We found 35 SNPs for SARS virus by comparing the genome sequences from different SARS strains in the GenBank database (http://www.ncbi.nlm.nih.gov/genbank/index.html). Twenty of them are non‐synonymous mutations, i.e. result in amino acid residue changes (Fig. 1). Three non‐synonymous SNPs V2770L, V3047A, and V3072A are inside the predicted transmembrane helices or near the end of the TM helix of pp1a. They are all conserved mutations which are unlikely to change the property of the transmembrane domain. Two additional SNPs, D5767E and L6007I, are found in the predicted helicase domain of pp1b (Fig. 4 ). Other SNPs are not mapped to any structural or functional domains that are predicted herein.

4. Discussion

Polyproteins pp1a and pp1ab are cleaved by a 3CL main protease and the papain‐like accessory proteinase. Using directly the polyprotein or the cleaved products defined by the putative cleavage site as input to DS GeneAtlas pipeline resulted in overall similar levels of annotation, however, with slightly different quality scores for the predicted models. An example of the robustness of assignment is given for the RNA dependent RNA polymerase (see Table 2). The model predicted using the complete pp1ab sequence as input has a better overall quality compared to the model predicted using the cleaved sequence from residues 4231 to 5301 of pp1ab. The aspartic catalytic triad is conserved from template to model if the full pp1ab is the input sequence, whereas the triad is mis‐aligned when the cleaved sequence is used. The alignment used to create the homology model is generated by PSI‐BLAST which can yield slightly different profiles depending if a sequence is used as input or a domain of that sequence is used as input. The difference is only significant when the homology between template and model is extremely low. In the case of the main protease model, the cleaved sequence and the complete sequence resulted in exactly the same model.

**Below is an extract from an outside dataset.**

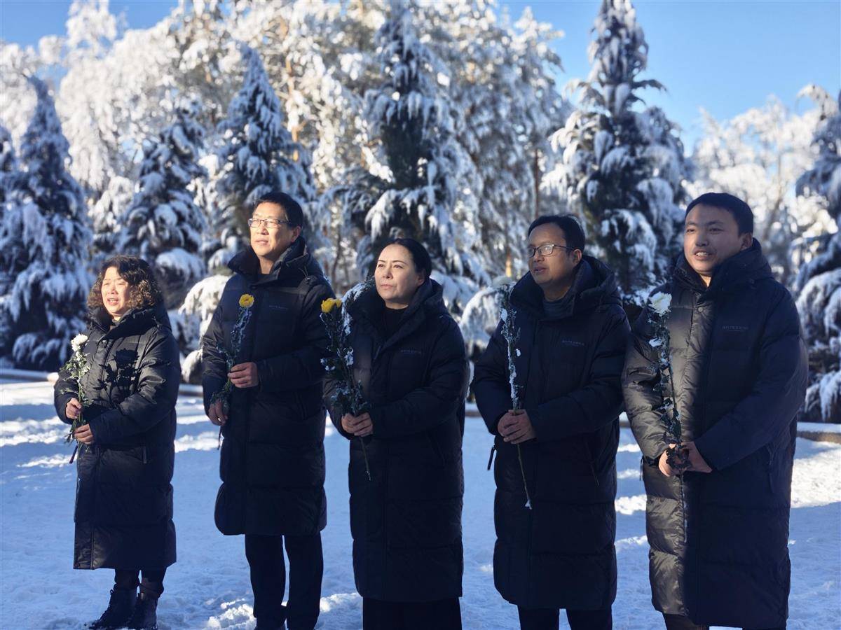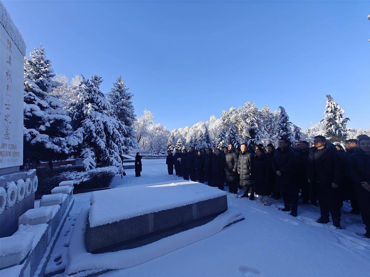 上午11时许,在庄严的革命烈士纪念碑前,剧组代表敬献花篮,全体人员静默肃立,行鞠躬礼,深切缅怀为中国革命和新疆解放事业建立不朽功勋的先烈。随后,剧组全体党员在纪念碑前重温入党誓词,铿锵的誓言在陵园内回荡,表达着继承先烈遗志、不忘初心使命的坚定信念。在陈潭秋、毛泽民、林基路等烈士的墓碑前,演职人员们驻足瞻仰,默默追思。

3C‐like main protease and RNA polymerase are crucial proteins for the survival of (+)sense ssRNA viruses. 3C‐like main protease of coronavirus is well characterized and several known structures of type I coronavirus are determined by experimental methods with bound ligand. They are close homologs to the SARS coronavirus M^pro. The model structure of the M^pro based on TGEV has good quality and can be used in the de novo inhibitor design. The RNA polymerase of SARS virus exhibits remote homology to HCV polymerase which is an important drug target for treating hepatitis C infection. Also predicted are several other novel structural or functional domains that are not currently known, such as the Fts‐J‐like methyltransferase and the fusion peptide. Each of these represents a new hypothesis for subsequent verification and potential therapeutic intervention.

Recently, a meta server, 3D‐Jury system, has been used to assign mRNA Cap‐1 methyltransferase function to nsp13 [18]. This is consistent with our assignment of Fts‐J‐like methyltransferase to a domain in pp1b. Meta servers such as the 3D‐Jury system [19] are based on the consensus score of many fold recognition programs and have been shown to be quite effective at the identification of correct folds for unknown proteins. However, fold recognition programs are often time consuming and the meta servers are not typically designed for high‐throughput (whole genome) analysis as described herein. Moreover, DS GeneAtlas annotates non‐structural regions of the available sequence with transmembrane domain predictions, and structural annotations that are important for protein function are automatically identified and mapped onto the model structures, for example, active site annotations from a template protein. While existing meta servers [19, 20, 21] focus on the use of structural modeling to annotate individual novel proteins, the present study combines protein modeling with mutation analysis and membrane spanning region prediction to provide a comprehensive functional view of the SARS genome in which assignments are correlated across a variety of analysis methods.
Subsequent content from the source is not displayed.